Raffles are competitions of luck and chance. You can buy as many tickets as you like, and whilst there’s always the probability that you’ll win a prize, there is never a 100% guarantee- sometimes, this can lead to participants buying large amounts of tickets in a desperate attempt to come away with at least one prize!
Prizes in a raffle can vary, and there can be anything from three prizes up to bigger numbers such as 50, or even 100, depending on the size of the event the raffle is being hosted at. Whilst most prizes will be your average box of chocolates, cuddly toy, cheap perfume or a soap set, most raffles make sure to throw in some bogus prizes, such as a pair of socks, and some larger, more desirable prizes to attract people to participate in the gamble, such as a bottle of expensive champagne, a day trip to a spa or even a holiday! Again, the range of prizes can be very extensive and all depends on the size and style of the event.
How do you win?
So how do you win anything in a raffle? It is fairly simple in method but the end result is totally out of your control. Prizes are labelled up at random and tickets with matching numbers are thrown into a container, along with numbers not attached to a prize, for participants to pull out. If you pull out a ticket that matches the number on one of the prizes, you’re a winner! If not…well, you’ve given money to a good cause, so that’s your good deed of the year done! As the game is down to pure luck, many raffles will sell tickets in bulk for discounted prices e.g. 10 tickets for £1.00 or 20 tickets for £1.50. This encourages participants to purchase more tickets in order to have a better chance at winning a prize- nobody likes to go home empty handed!

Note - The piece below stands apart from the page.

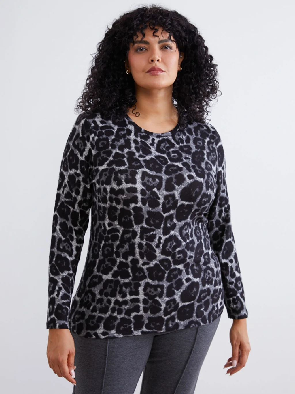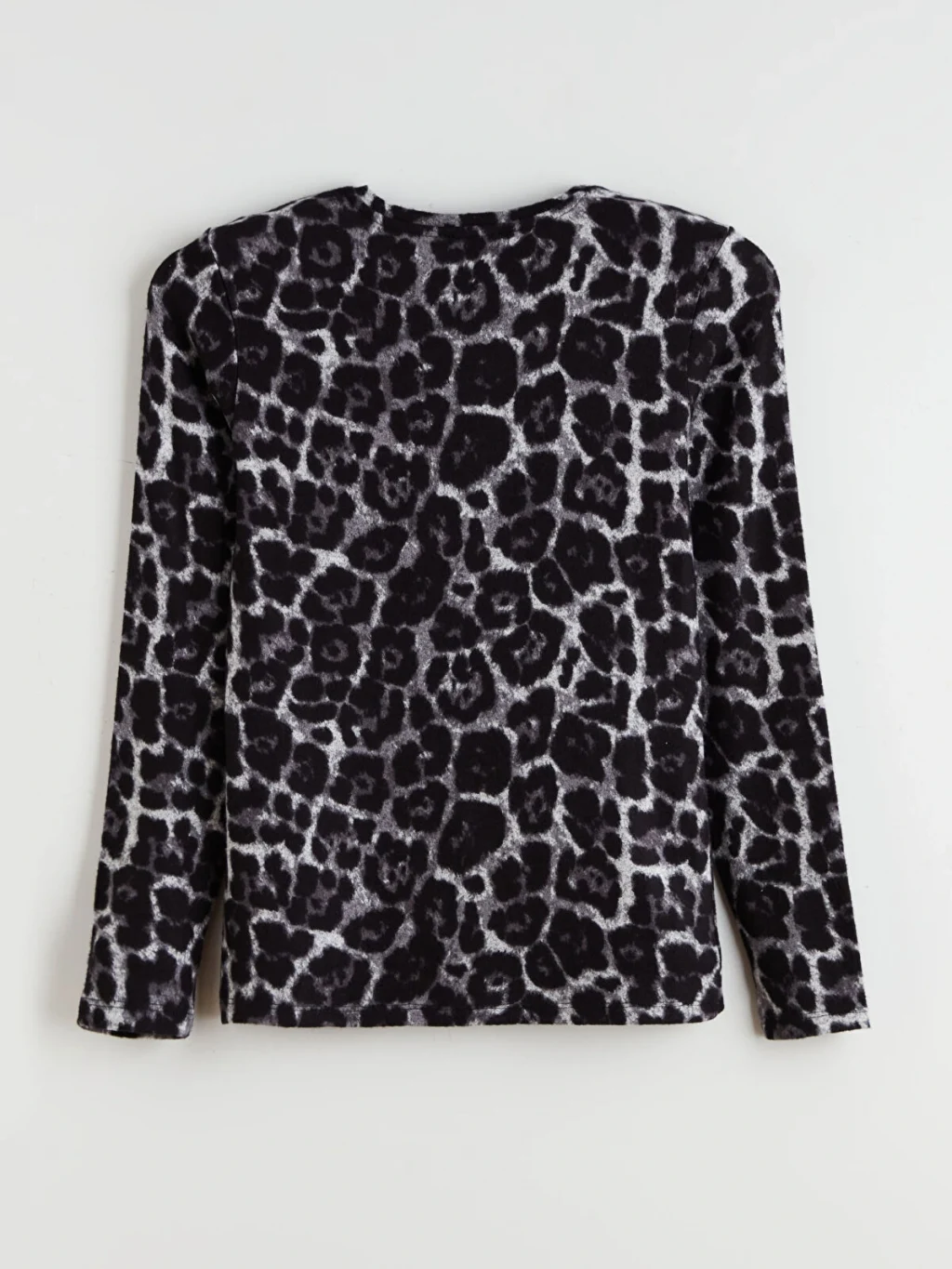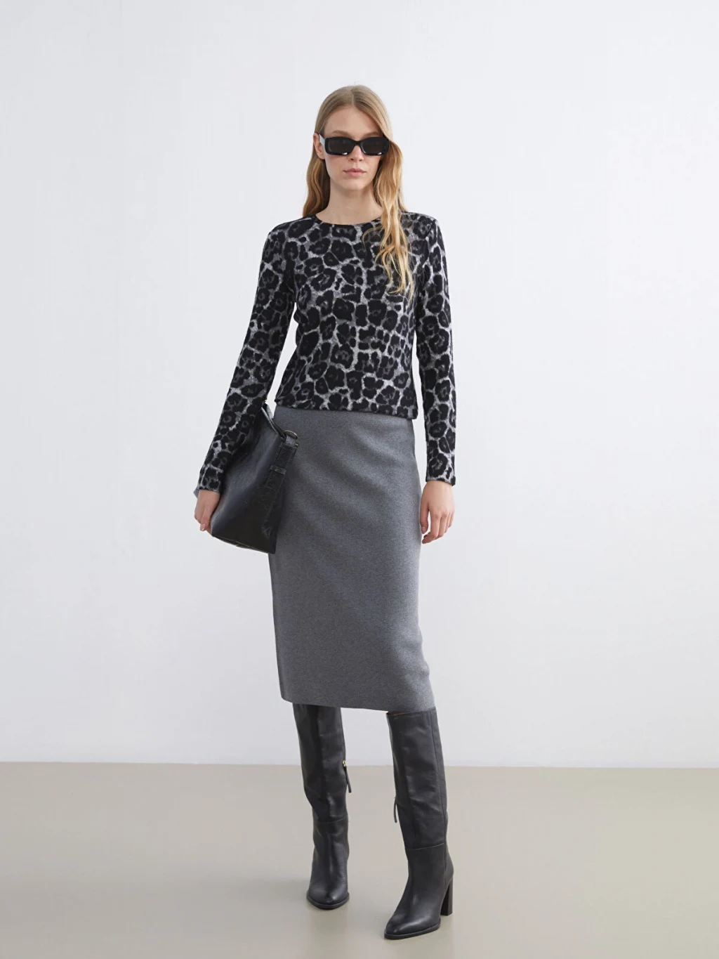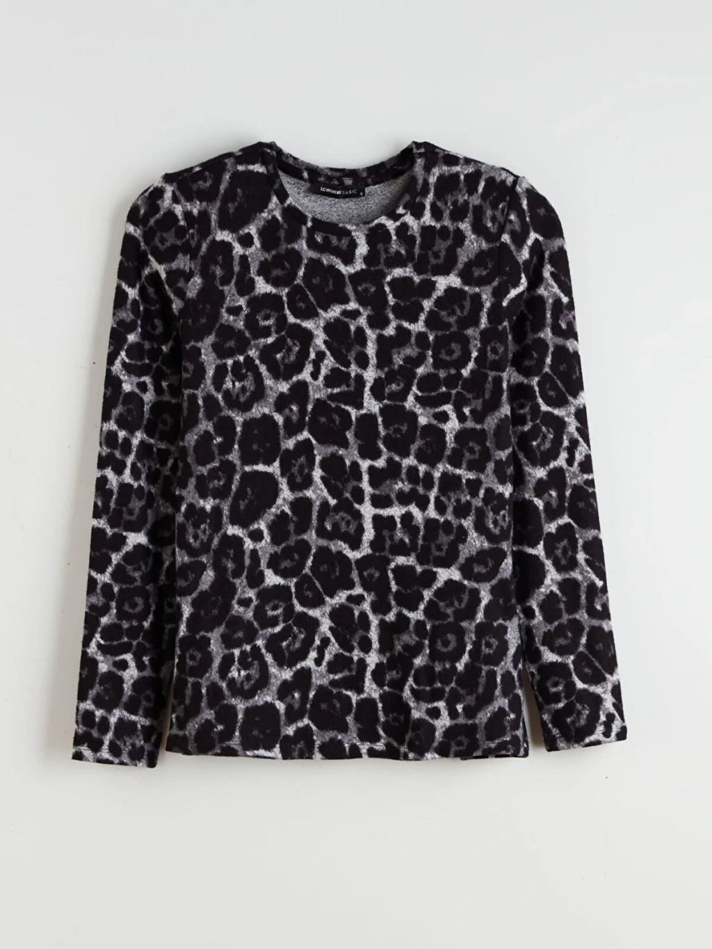 Dar kalıplı, bisiklet yaka ve uzun kollu kadın bluz, tamamı desenli penye kumaştan üretilmiştir.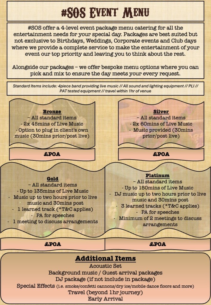 We routinely entertain a number of you at a range of Pubs/Clubs/Social Clubs through the Home Counties and further afield… any proprietor who would like to book #SOS for their venue should contact us via our Social Media account or the Contact Us form on this website.

Raffles aren’t just a fun gambling game for the English- they occur all over the world, with each country often putting their own edge on the game. In Italy, raffles are called ‘Tombolas’. Tombola’s happen around Christmas time as part of the festive celebrations, and all the prizes to be won have a religious value relating to the beliefs of the Italians. Tombola’s have made their way over to England, but the name has been replaced with well known gambling games of today, such as raffle and bingo. Additionally, raffle’s are also popular in Australia, but rather than having a variety of prizes, they opt for ‘meat raffles’, where participants can win a variety of meats and sea foods.
Alternative to the traditional raffle that most of us will know and love, there are other styles of raffle, including a Private Raffle. Legalities are very firm on raffles, particularly on private raffles, and these may only occur when there is permission for one to be held. Private raffle’s are used to sell on expensive items such as a large amount of land, a boat, a private jet or a fancy property.
Be them private raffles, meat raffles or raffles in order to raise money for a good cause, they’re all about having fun, taking a gamble and seeing if luck is on your side! No one has control over the results…it is, quite literally, luck of the draw!